[TRY IT] Exact reproduction is required for the lines below starting at the line with "跨境史迪仔钱包女士钱包卡通零钱包卡包拉链包单拉钱包可爱INS批" and ending at the line with "据悉,这座面积约7000平方米的性文化博物馆展出古代性文化实物、雕塑、图画、书籍等展品2000件左右。中新社发 王建康 摄", both included. No other lines, and no pictures.
++++ SUPPLIED DATA
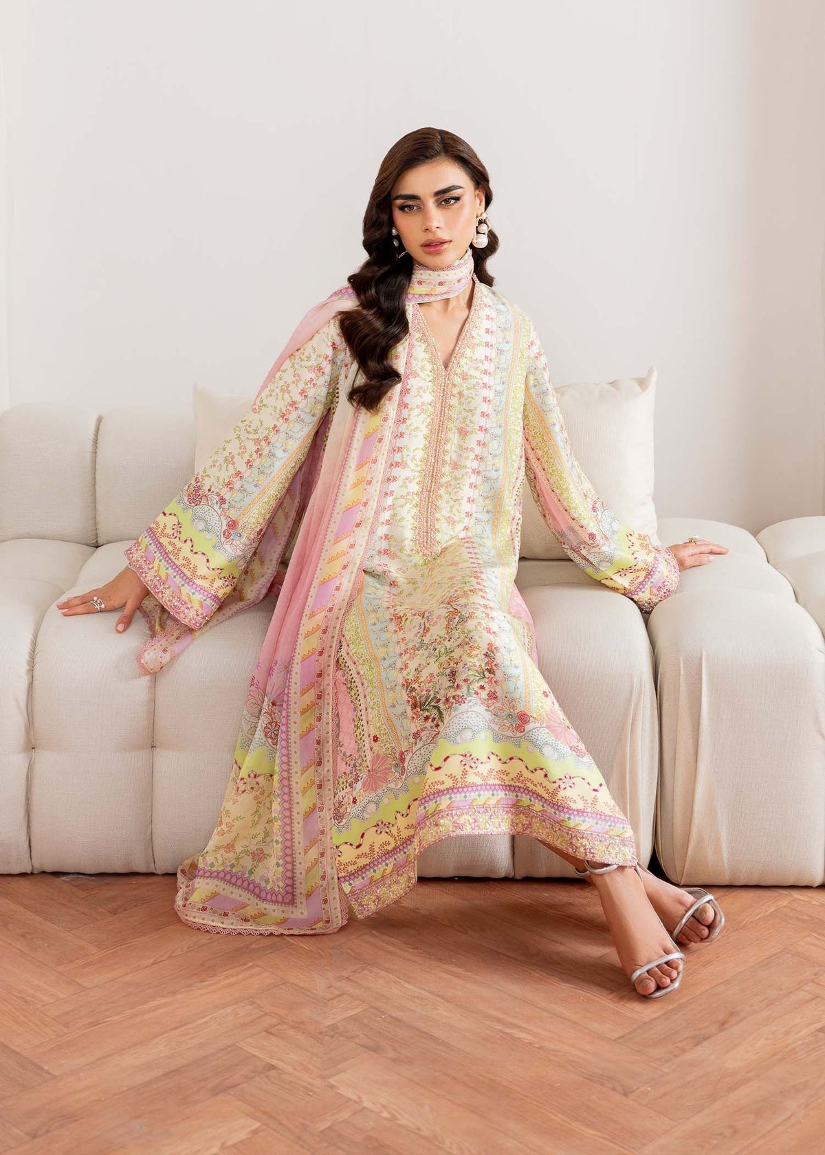 Delicate and timeless, this Two-Piece Pure Raw Silk Ensemble is a soft symphony of pastels and elegance. The design features a soothing combination of blush pink, mint green, and powder blue floral patterns, giving it a refreshing and graceful aesthetic. The shirt is adorned with intricate embroidery along the neckline, sleeves, and hem, further enhanced with shimmering diamanté embellishments that add just the right amount of sparkle. Paired with matching embroidered trousers and a coordinating dupatta, this look is perfect for day-time events and Eid festivities..
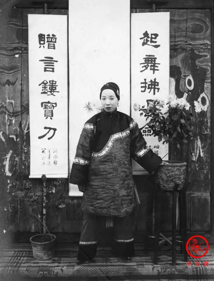 这名妇女裹着小脚,颤颤巍巍,在中式屏风前留下倩影。她身后挂着一副对联:“起舞拂长剑,赠言镂宝刀。”这两句是李白两首诗歌的集句,充满了尚武的精神。一名柔弱的女子站在这副对联前留影,不知是何意味?
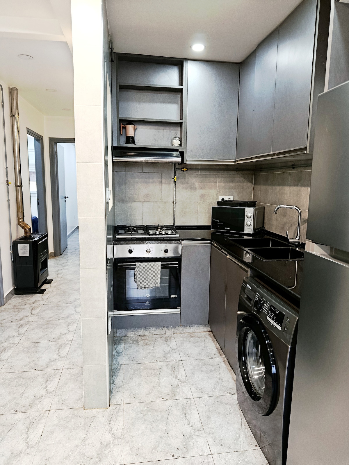 A Modern furnished apartment; in a quiet area, but very close to the busy street of Sidi Yahia. - parquet floor/Central Heating/Smart TV/AC/ Free Wifi/Dressing/balcony for drying Clothes and washing machine/Iron/Microwave/Electric Kettle/Kitchenware/Towels/Cleaning Products - 24/7 agent available for your help during your stay in Algeria
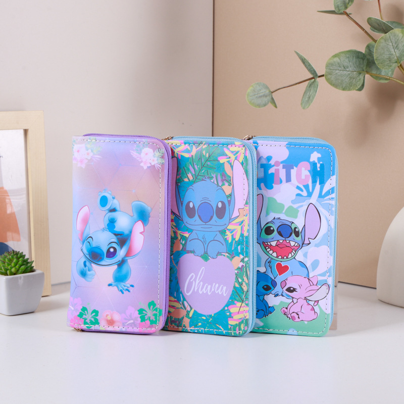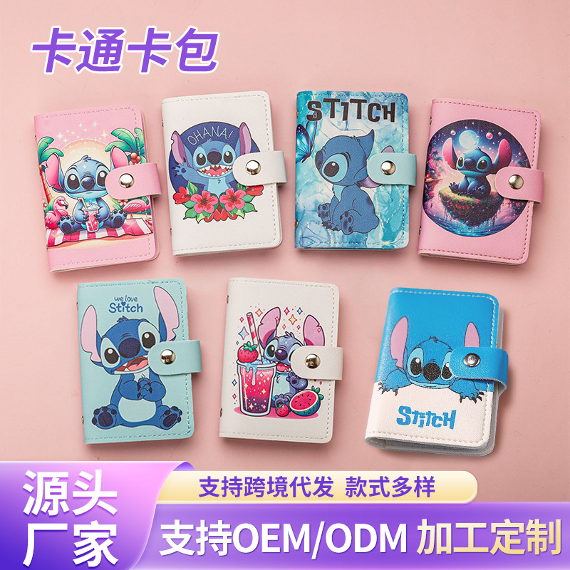 跨境史迪仔钱包女士钱包卡通零钱包卡包拉链包单拉钱包可爱INS批
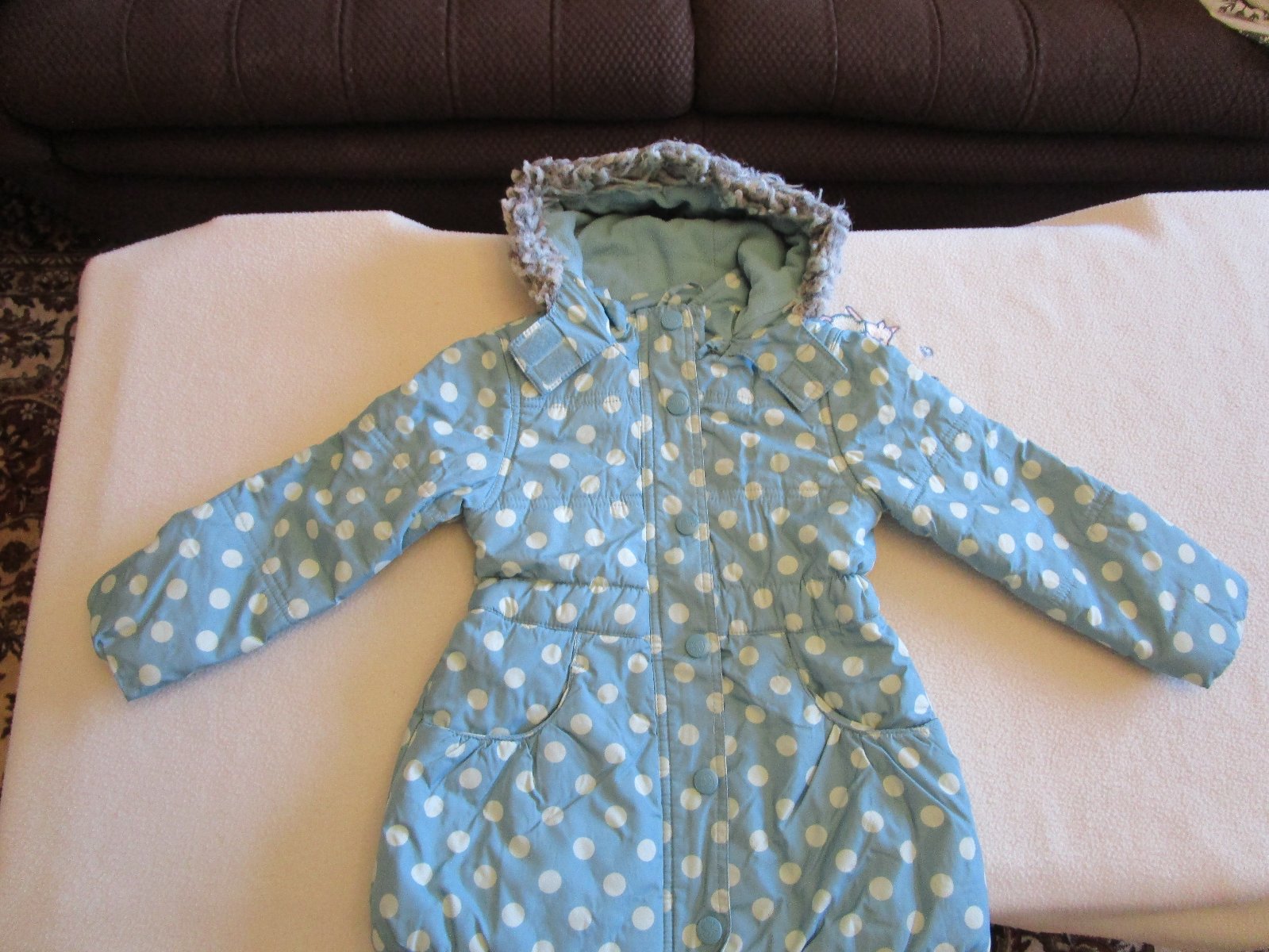 Pěkná dívčí delší zimní bunda s kapucí, zapínání na zip + druky, kapsičky, vel. 110, velmi pěkná, jen kožíšek okolo kapuce sepraný, proto cena jen 49 Kč, zn. Millie.
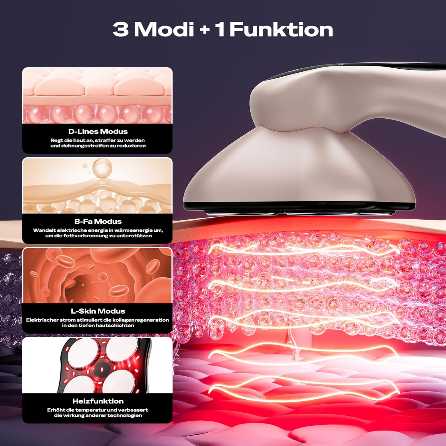 - 3-in-1 Massage-Modi: D-Line (Dehnungsstreifen-Reduktion), B-Fat (Cellulite-Reduktion), L-Skin (Hautstraffung)
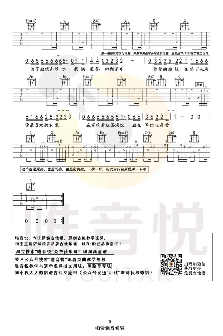 《你的姑娘》吉他谱,隔壁老樊作词、作曲并演唱的一首流行歌曲,2019年发行,收录于专辑《我曾》。原调bD,吉他谱选用C调指法,capo夹一品,2张图片谱,由唯音悦编配出品。
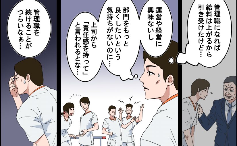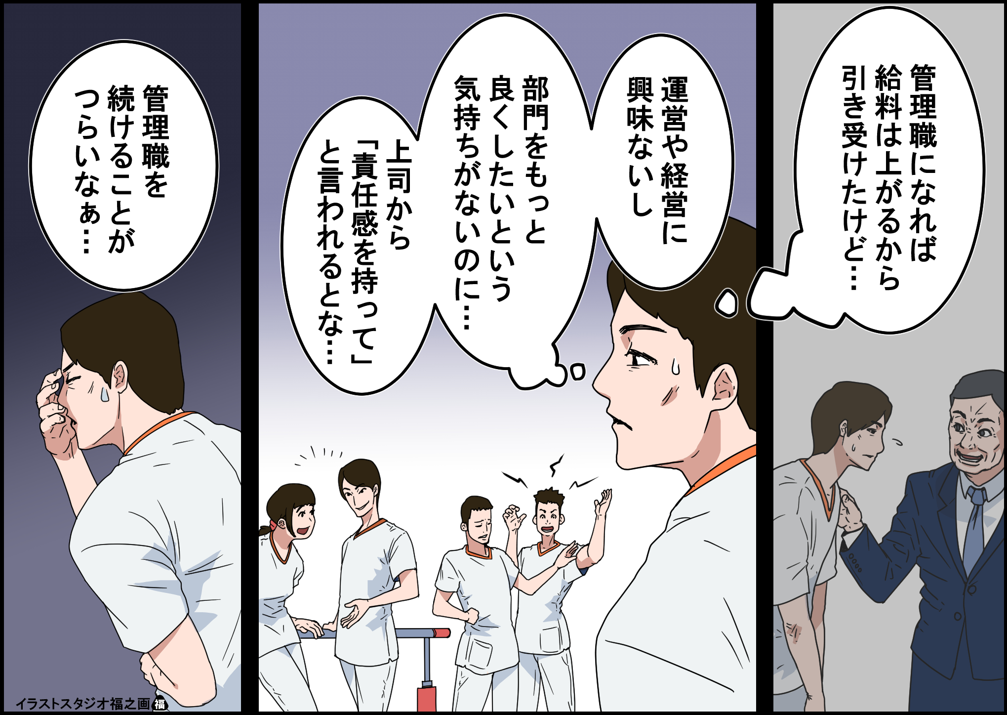 管理職を前向きに取り組む動機づけが乏しいので経営者や上司からの要求、組織内における人間関係の調整、リハビリテーション部門としての売り上げの確保などに強いストレスを感じるようになる。
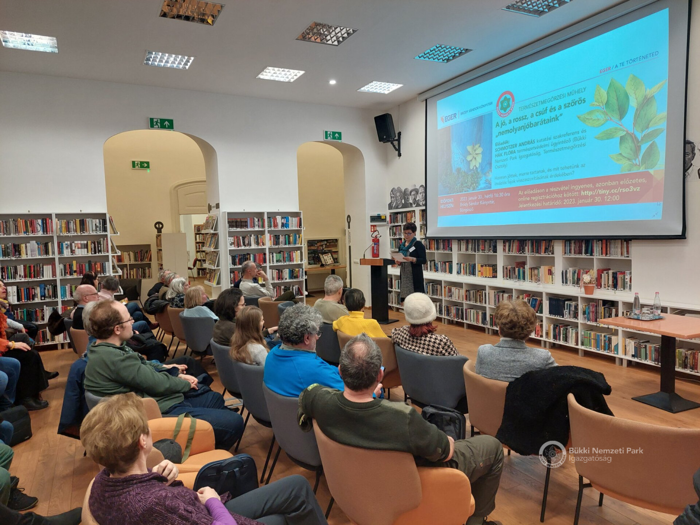 Örömünkre szolgált, hogy sok érdeklődő vett részt az eseményen, amelyen a környezetünkben is megfigyelhető inváziós növényfajokat, valamint a hazánkban már megtelepedett emlősfajokat mutattuk be. A programsorozat az idei év első felében havi egy alkalommal májusig kerül megrendezésre, s előadók az Bükki Nemzeti Park Igazgatóság munkatársai közül, a Természetmegőrzési Osztályról érkeznek majd a továbbiakban is. Februárban Sulyok József, az Élővilágvédelmi Csoport csoportvezetője a Bükk orchideáiról és az azokat érintő természetvédelmi problémákról tart majd előadást. A pontos időpontot jövő héten tesszük közzé.
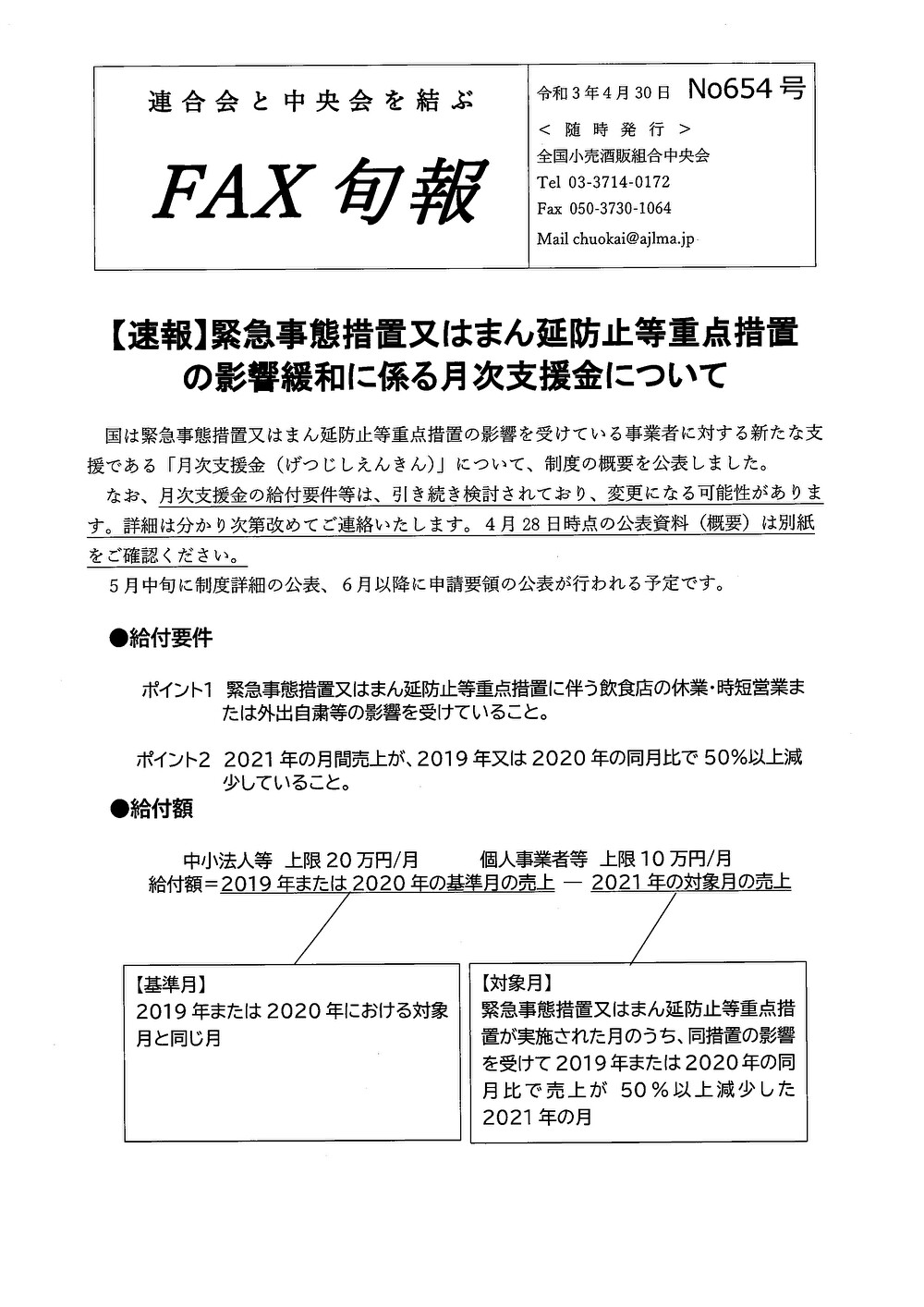 ★FAX旬報No654号 【速報】緊急事態措置又はまん延防止等重点措置の影響緩和に係る月次支援金について R3.4.30
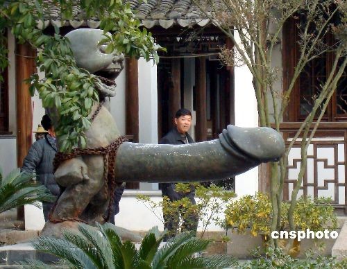 参观者在苏州古镇同里“中华性文化博物馆”内观看雕塑“绑不住的地方”。 据悉,这座面积约7000平方米的性文化博物馆展出古代性文化实物、雕塑、图画、书籍等展品2000件左右。中新社发 王建康 摄
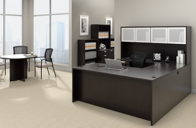 This is our budget friendly laminate desking line with many of our products in stock. We offer five contemporary finishes with accompanying seating, training room, and conference room options.
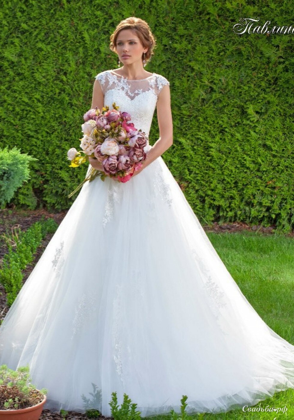 Шикарное свадебное платье А-силуэта. Украшенное кружевом и расшитое вручную свадебное платье "Павлина" из нежнейшей евросетки вряд ли оставит кого-то равнодушным. Закрытый верх. Платье подойдет для церемонии венчания. Красиво будет смотреться и на выездной церемонии. "Капелька" из тонкой, почти прозрачной сетки на спинке. В комплекте пояс.
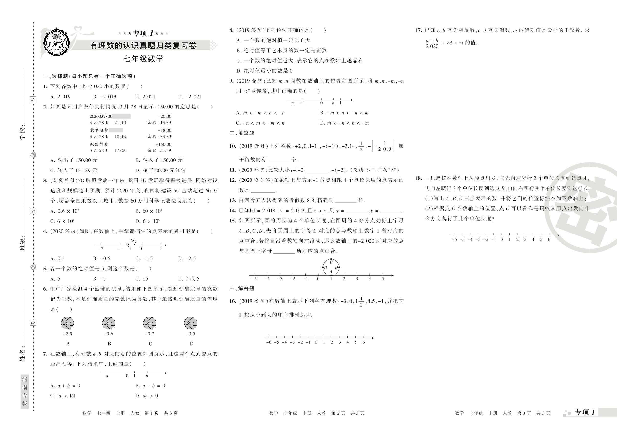 王朝霞期末专项卷——有理数的认识、有理数的运算真题归类复习七年级上册数学(人教版)【0】
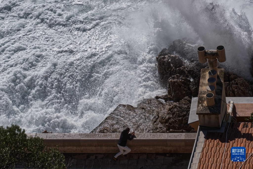 近日,受風暴天氣影響,法國尼斯海岸巨浪拍岸,吸引人們駐足觀看。
++++++++
[SOLVED PROBLEM]
 跨境史迪仔钱包女士钱包卡通零钱包卡包拉链包单拉钱包可爱INS批
 Pěkná dívčí delší zimní bunda s kapucí, zapínání na zip + druky, kapsičky, vel. 110, velmi pěkná, jen kožíšek okolo kapuce sepraný, proto cena jen 49 Kč, zn. Millie.
 - 3-in-1 Massage-Modi: D-Line (Dehnungsstreifen-Reduktion), B-Fat (Cellulite-Reduktion), L-Skin (Hautstraffung)
 《你的姑娘》吉他谱,隔壁老樊作词、作曲并演唱的一首流行歌曲,2019年发行,收录于专辑《我曾》。原调bD,吉他谱选用C调指法,capo夹一品,2张图片谱,由唯音悦编配出品。
 管理職を前向きに取り組む動機づけが乏しいので経営者や上司からの要求、組織内における人間関係の調整、リハビリテーション部門としての売り上げの確保などに強いストレスを感じるようになる。
 Örömünkre szolgált, hogy sok érdeklődő vett részt az eseményen, amelyen a környezetünkben is megfigyelhető inváziós növényfajokat, valamint a hazánkban már megtelepedett emlősfajokat mutattuk be. A programsorozat az idei év első felében havi egy alkalommal májusig kerül megrendezésre, s előadók az Bükki Nemzeti Park Igazgatóság munkatársai közül, a Természetmegőrzési Osztályról érkeznek majd a továbbiakban is. Februárban Sulyok József, az Élővilágvédelmi Csoport csoportvezetője a Bükk orchideáiról és az azokat érintő természetvédelmi problémákról tart majd előadást. A pontos időpontot jövő héten tesszük közzé.
 ★FAX旬報No654号 【速報】緊急事態措置又はまん延防止等重点措置の影響緩和に係る月次支援金について R3.4.30
 参观者在苏州古镇同里“中华性文化博物馆”内观看雕塑“绑不住的地方”。 据悉,这座面积约7000平方米的性文化博物馆展出古代性文化实物、雕塑、图画、书籍等展品2000件左右。中新社发 王建康 摄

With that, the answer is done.